SALT LAKE CITY – A plan for the next phase of Utah’s health and economic recovery could be released sometime this week.
During a town hall hosted by the Salt Lake Chamber, a draft of “Utah Leads Together” version 3.0 was previewed.
Governor Gary Herbert hinted a final version could come as early as Wednesday.
“This is like déjà vu all over again,” Governor Herbert said. He used that phrase made famous by former New York Yankees catcher Yogi Berra to compare this economic downturn to the Great Recession of 2008.
“That same rebirth that happened then for us and led to the best decade in our state’s history, is an opportunity for the same thing to happen now,” he added.
During the town hall, it was revealed the latest edition of “Utah Leads Together” will focus on instructions for high risk individuals, impacts to multi-cultural communities, and planting the seeds for economic recovery.
Governor Herbert is optimistic that with a strong plan, the state can emerge from this crisis safely and successfully.

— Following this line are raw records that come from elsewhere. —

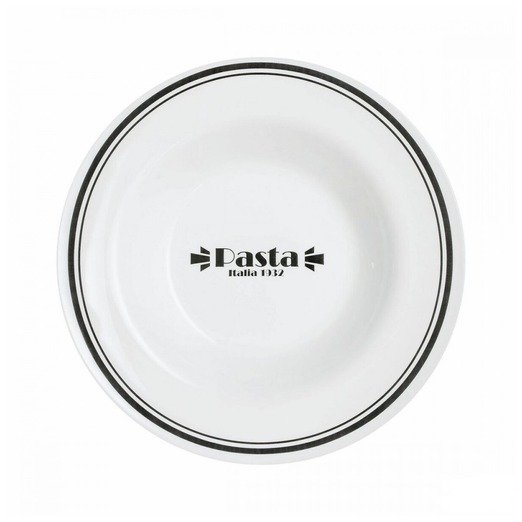 Стилната чиния за паста с диаметър 28.5 см е изработена от висококачествена стъклокерамика и съчетава елегантност с функционалност. Дизайнът ѝ включва черен кант и надпис "Pasta Italia 1932", който ѝ придава изискан винтидж характер. Идеална за сервиране на паста, ризото и други средиземноморски ястия, тази чиния е подходяща както за ежедневна употреба, така и за специални поводи.
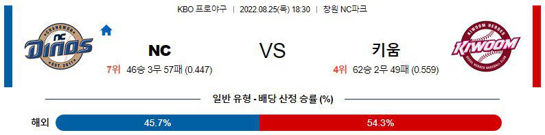 8월25일 KBO 한국 프로야구 NC 다이노스 키움 히어로즈 경기분석입니다. 오후 6시 30분에 시작이 되는 이번경기로서는 NC 다이노스의 홈경기로 진행이 되는 경기입니다. NC 다이노스는 7위를 기록중이고 키움은 4위를 기록중인데 , NC 다이노스 키움 히어로즈 두 팀의 최근 전력에서는 오히려 NC가 우세합니다.
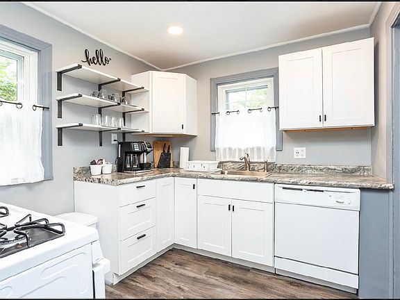 Two bedrooms upstairsCompletely renovated kitchenOutdoor seatingTwin over full bunkEnclosed porchPlenty of green space

“This recession here in Utah is going to be short lived,” Herbert said. “I want to be in recovery by the end of the summer, so we have a solid growth the last quarter in Utah. I believe that is possible.”
The Economic Development Corporation of Utah presented the results of its survey of hundreds of local businesses. It found that not one county in Utah is immune to the negative impacts of COVID-19.
62.9 percent of respondents said they expect to feel the impacts of the crisis for six months or longer.
“I see it as a good thing because it means, if you think something is going to be longer term, you’ll invest in solutions to manage it,” said Theresa Foxley, the president and CEO of the Economic Development Corporation of Utah.
Foxley believes that long term thinking will help Utahns weather this storm. She was also encouraged that 44 percent of those surveyed said they have changed aspects of their business model to adapt to new challenges.
“We are a super innovative state,” Foxley said. “We are known across the globe for that. It’s no surprise to see companies totally hustling to innovate.”